DATA
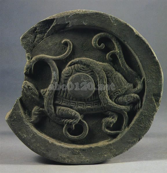 玄武は四神の中で北方を代表し、その形は亀と蛇の合体したものである。玄武は北方神で、火を消す能力があると考えられ、特別な待 遇を受けた。後世は、尊んで玄元大聖として、廟を建てて祀り、火災を消滅させ衆生を守護してくれることを願った。玄武の瓦当は建造物の北側によく用いられている。出所:中国陝西省文物展悠久の遺産1987
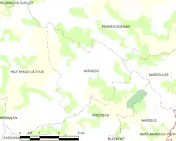 Auradou es una población y comuna francesa, en la región de Aquitania, departamento de Lot y Garona, en el distrito de Villeneuve-sur-Lot y cantón de Penne-d'Agenais.
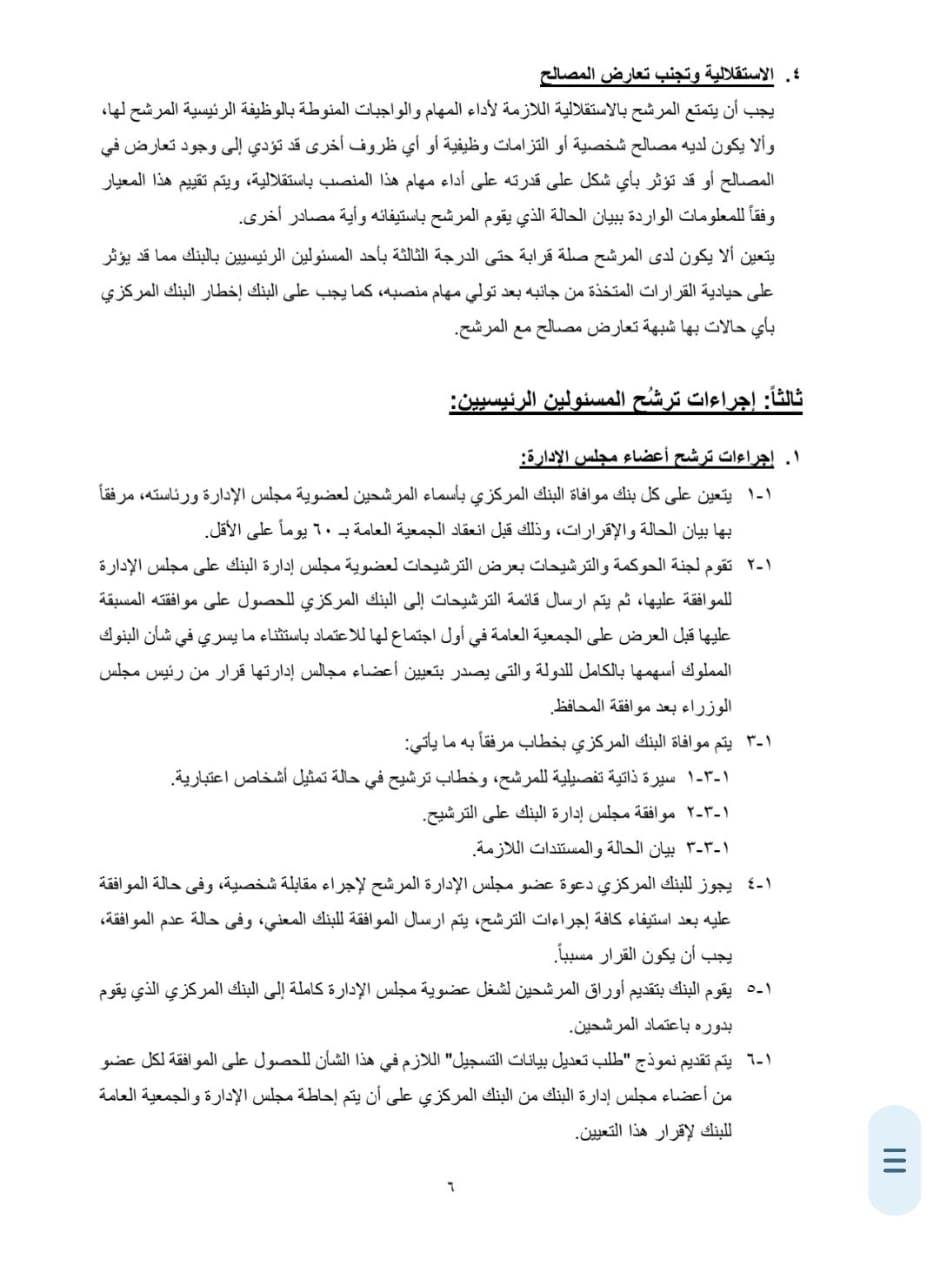 البنك المركزي يصدر تعليمات جديدة لرؤساء وأعضاء مجالس إدارات البنوك
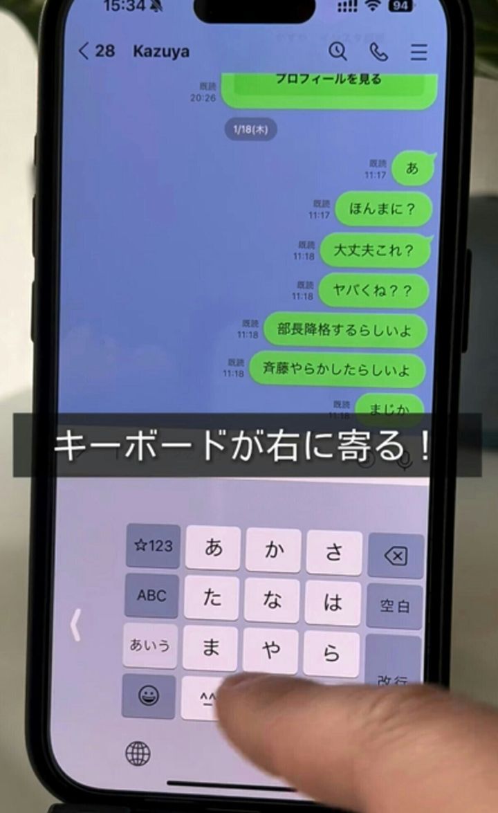 すると、キーボードが右側に寄って、文字が打ちやすくなるとのこと。
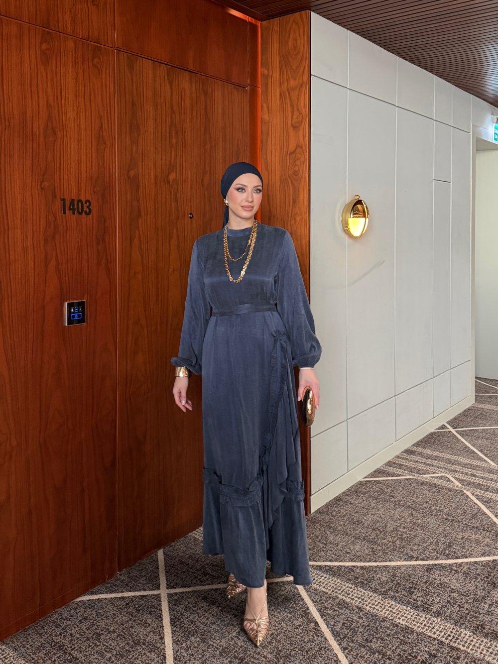 Elbise Etek Ucu Asimetrik Fırfır Detaylıdır.
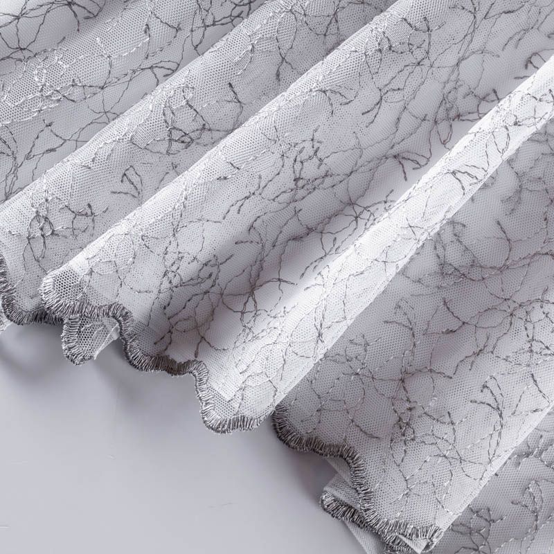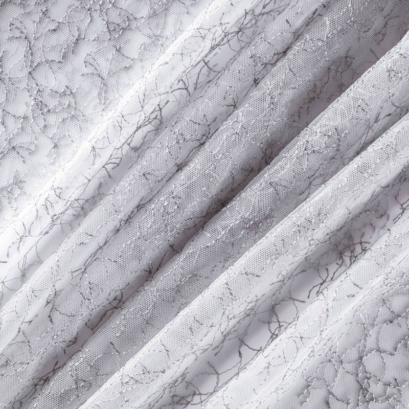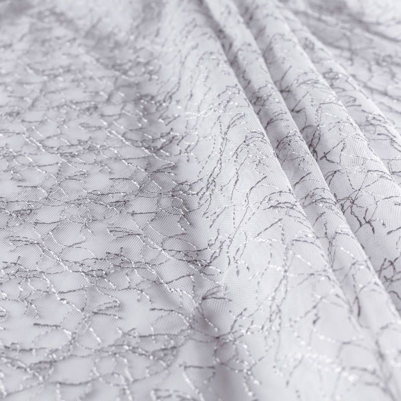 Сетка с вышивкой – это роскошный элемент дизайна, который преобразит любое помещение. Она отлично пропускает воздух, поэтому быстро сохнет после стирки. Прочная, ткань прослужит долго. Выдерживает большое количество стирок. Легкая, фактура ткани практически невесома, поэтому можно не опасаясь крепить ее даже на самый тонкий карниз. Вышивка в виде стилизованной паутинки серебристо-серого цвета расположена по всей высоте ткани, нижний край без утяжелителя, фигурный.
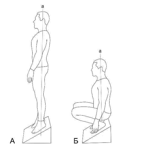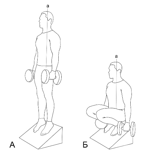 Полные приседания на доске 30 градусов без отягощения: А) исходное положение ноги и спина выпрямлены, плечевой пояс расслаблен; Б) конечное положение. Туловище сохраняет положение, близкое к вертикальному. Небольшой наклон за счёт сгибания тазобедренных суставов облегчает сохранение НПП.
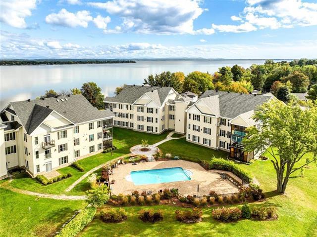 Sublime condo de 1340 p2 situé face au lac Champlain, voisin d'un golf et spa, à proximité de la décente de bateau, plage et services. Le terrain est aménagé avec piscine creusée chauffée. Cet unité de condo comprend 2 espaces au garage avec un rangement intérieur et un stationnement extérieur. Les plafonds sont de 9 pieds de hauteur avec hall d'entrée intime, cuisine avec comptoir en quartz et placard, adjacente à la salle à manger avec cellier, salon avec foyer plus vue exceptionnelle sur le lac. Les chambres sont spacieuses avec de grand garde-robe et la salle de bains est ultra moderne avec douche sans seuil. Vos invitées seront jaloux! (56057848)
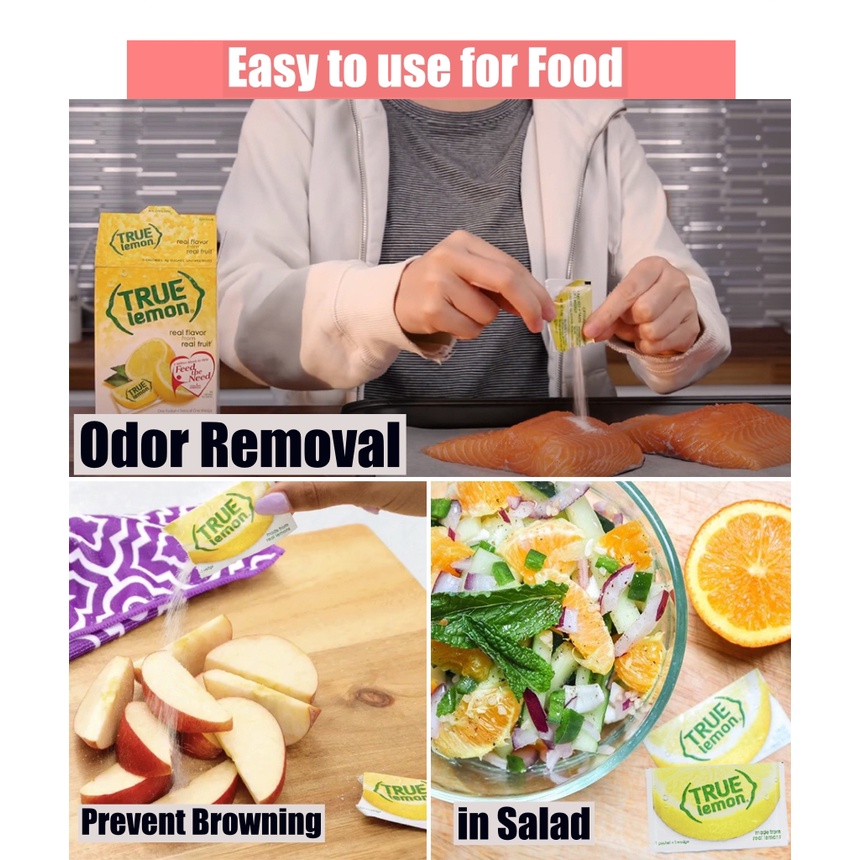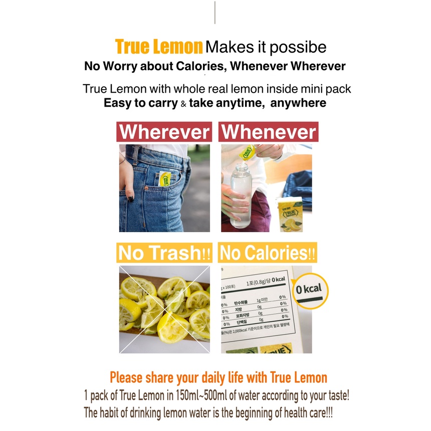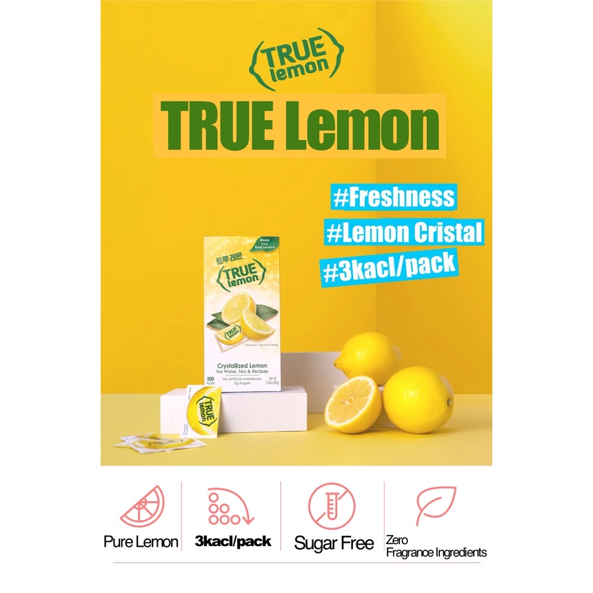 [True Lemon]Crystalized Pure Lemon Powder Zero Calories for Water, Beverage & Other Recipes 80g (0.8g x 100 packets)/Sugar Free, Non GMO, No artificial Sweetener/Preservative

TASK DESCRIPTION
Your answer should be the lines from the opening of the records through the line with "Elbise Etek Ucu Asimetrik Fırfır Detaylıdır.", both ends retyped exactly and pictures left out.

TASK SOLUTION
 玄武は四神の中で北方を代表し、その形は亀と蛇の合体したものである。玄武は北方神で、火を消す能力があると考えられ、特別な待 遇を受けた。後世は、尊んで玄元大聖として、廟を建てて祀り、火災を消滅させ衆生を守護してくれることを願った。玄武の瓦当は建造物の北側によく用いられている。出所:中国陝西省文物展悠久の遺産1987
 Auradou es una población y comuna francesa, en la región de Aquitania, departamento de Lot y Garona, en el distrito de Villeneuve-sur-Lot y cantón de Penne-d'Agenais.
 البنك المركزي يصدر تعليمات جديدة لرؤساء وأعضاء مجالس إدارات البنوك
 すると、キーボードが右側に寄って、文字が打ちやすくなるとのこと。
 Elbise Etek Ucu Asimetrik Fırfır Detaylıdır.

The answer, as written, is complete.